3.3.1 Significance of processing data
Easy to make reports – It can be used directly, because the information has been processed. It is possible to organize these processed facts and figures in such a way that they can help operators to quickly conduct analysis. Predefined data helps experts to produce faster reports.
Accuracy and speed - Digitization helps to quickly process data. It is possible to process thousands of files in a minute and save the necessary information from each file. The system will automatically check and process invalid or corrupted data in the process of processing business data. Such processes therefore help businesses ensure high accuracy in the management of information.
Reduce costs – The cost of digital processing is much less than the management and maintenance of paper documents. It decreases the cost of purchasing stationery to store paper documents with information. Therefore, through improving their data management systems, businesses can save millions of dollars each year.
Easy storage - helps to increase storage space, manage information and modify it. It minimizes clutter by eliminating unnecessary paperwork, and also improves search efficiency. A large number of businesses are in need of data processing outsourcing nowadays. For any company looking to improve its effectiveness, this data service is truly a premium service.
Suppose a project has been allocated to you to predict the company's sales. You can't just say that 'X' is the factor that will influence sales.
We understand that there are various elements or variables that will affect sales. Only multivariate analysis can be found to analyze the variables that will majorly affect sales. And it will not be just one variable in most cases.
As we know, sales will depend on the product category, production capacity, and geographical location, and marketing effort, market presence of the brand, analysis of competitors, product cost, and various other variables. Sales is only one example; in any section of most fields, this study can be implemented.
In many industries, like healthcare, multivariate analysis is widely used. In the recent COVID-19 case, a team of data scientists predicted that by the end of July 2020, Delhi would have more than 5lakh COVID-19 patients. This analysis was based on various variables such as government decision-making, public conduct, population, occupation, public transport, health services, and community overall immunity.
Multivariate analysis is also based on the Data Analysis study by Murtaza Haider of Ryerson University on the shore of the apartment, which leads to an increase in cost or a decrease in cost. As per that study, transport infrastructure was one of the major factors. People were thinking of buying a home at a location that offers better transport, and this is one of the least thought of variables at the beginning of the study, according to the analyzing team. But with analysis, this occurred in a few final variables that affected the result.
Exploratory data analysis involves multivariate analysis. The deeper insight of several variables can be visualized based on MVA.
To perform multivariate analysis, there are more than 20 different techniques and which method is best depends on the type of data and the problem you are trying to solve.
Multivariate analysis (MVA) is a statistical method for data analysis involving more than one measurement or observation type. It may also mean solving issues where more than one dependent variable is analyzed with other variables simultaneously.
Advantages and Disadvantages of Multivariate Analysis
- The main advantage of multivariate analysis is that the conclusion drawn is more precise because it considers more than one factor of independent variables affecting the variability of dependent variables.

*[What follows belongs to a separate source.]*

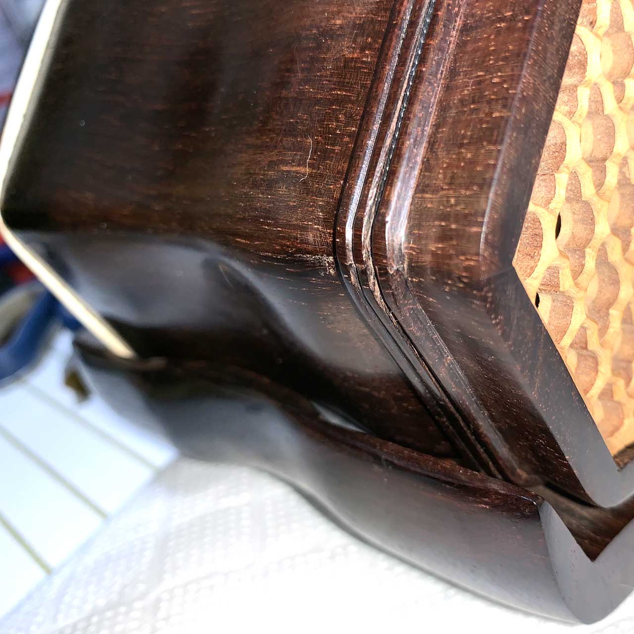 割れが大きく進行してしまった場合、木部は修理できても、「楽器」として修理できない場合は修理を引き受ける事ができません。

- The conclusions are more realistic and closer to the situation in real life.
Disadvantages
- The main disadvantage of MVA is that a satisfactory conclusion requires rather complex calculations.
- It is necessary to collect and tabulate many observations for many variables; it is a rather time-consuming method.
Key Takeaways:
|
Testing of hypotheses is an act in statistics by which an analyst tests an assumption about a population parameter. The methodology employed by the analyst depends on the nature and reason for the analysis of the data used.

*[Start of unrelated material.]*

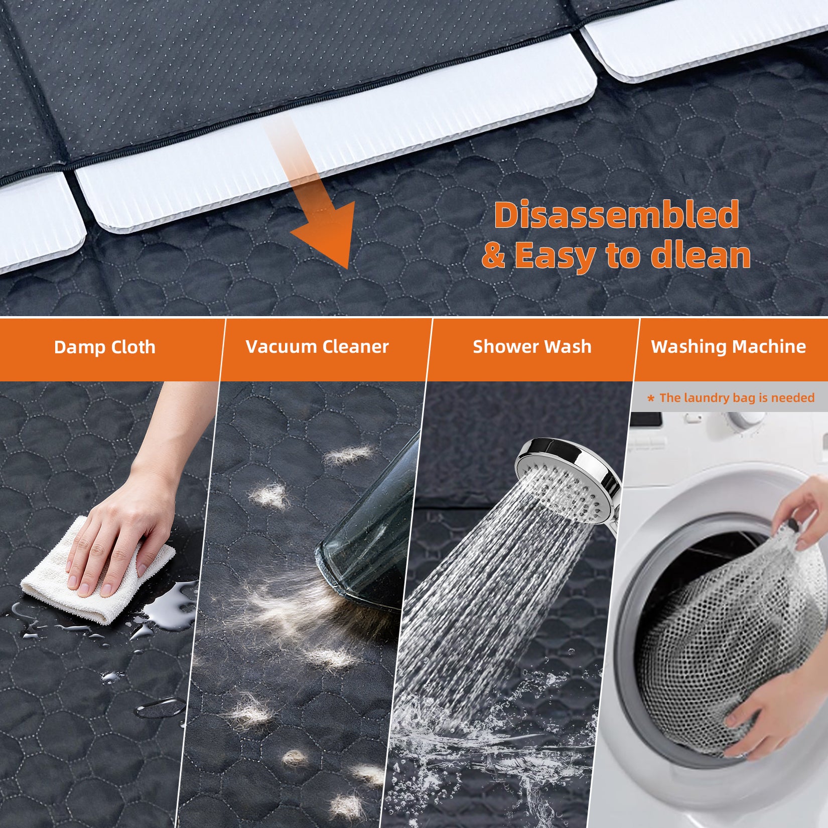 【Hammock Car Seat Protector】The car extender cover functions as both a secure pet hammock and a protective barrier, creating a dedicated spot for dogs of all breeds, it's an essential accessory that boosts vehicle’s functionality and elevates your pet’s travel experience, crafted with water-coated polyester and reinforced with sturdy PP boards at the bottom, wear-resistant, quick-drying, resistant to deformation and wrinkles, the double stitching increases its durability, when not in use, the cover folds compactly for convenient storage when not in use, and it can be quickly cleaned with a damp cloth or vacuum cleaner, keeping maintenance simple and effortless

To evaluate the plausibility of a hypothesis by using sample data, hypothesis testing is used. Such data can come from a larger population, or from a process that generates data. In the following descriptions, the word 'population' will be used for both cases.
- To assess the plausibility of a hypothesis by using sample data, hypothesis testing is used.
- The test provides evidence, given the data, concerning the plausibility of the hypothesis.
- Statistical analysts test a hypothesis by measuring a random sample of the population being analyzed and examining it.
How Hypothesis Testing Works
An analyst tests a statistical sample in hypothesis testing, with the aim of providing evidence about the plausibility of the null hypothesis.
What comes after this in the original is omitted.